Primero, me entrevisté con los sirvientes, y con su ayuda recapitulé los sucesos de aquella noche. Presté especial atención a la comida servida en la cena, y el modo en que se sirvió. La sopa la había distribuido el mismo señor Déroulard de una sopera. Luego una fuente de chuletas y después un pollo. Por último una compota de frutas. Y todo dispuesto encima de la mesa, y servido por el propio señor Déroulard. Trajeron el café a la misma mesa donde cenaron, en una cafetera. Por tanto, mon ami.., ¡imposible envenenar a uno sin envenenarlos a todos!

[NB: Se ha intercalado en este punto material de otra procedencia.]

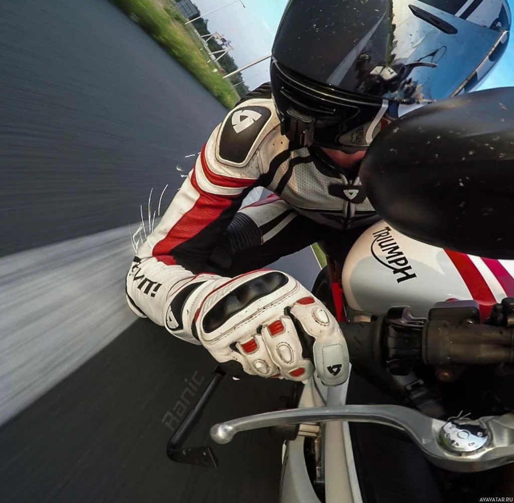 protective suit and a helmet, indicating they are likely participating in some form of motorbike racing or riding. The rider's hands are firmly on the handlebars, and their body leans into the turn, suggesting movement at

Después de la cena madame Déroulard se retiró a sus aposentos en compañía de mademoiselle Virginie. Los tres hombres, tras pasar al estudio del señor Déroulard, estuvieron charlando amigablemente durante un rato. De repente, sin más, el diputado cayó pesadamente al suelo. El señor de Saint Alard salió precipitadamente de la estancia para ordenar a François que corriera en busca de un médico. Dijo que sin duda se trataba de una apoplejía, explicó el criado. Pero cuando el doctor llegó, el señor Déroulard había fallecido.
El señor John Wilson, a quien fui presentado por mademoiselle Virginie, era lo que en aquella época se tenía como el prototipo del inglés corriente, un John Bull de edad madura y corpulento. Su versión, expuesta en un francés muy británico, fue sustancialmente la misma: "Déroulard enrojeció repentinamente y se vino al suelo."
Por ese lado no se podía encontrar nada más. A continuación me dirigí al escenario de la tragedia, el estudio, y a petición mía me dejaron solo. Hasta aquí no había nada que sustentara la teoría de mademoiselle Mesnard. Lo único que cabía pensar es que se trataba de una idea sin fundamento de la joven. Evidentemente había profesado una romántica pasión por el difunto, lo cual le impedía considerar el caso desde un punto de vista normal. A pesar de ello, registré el estudio con gran minuciosidad.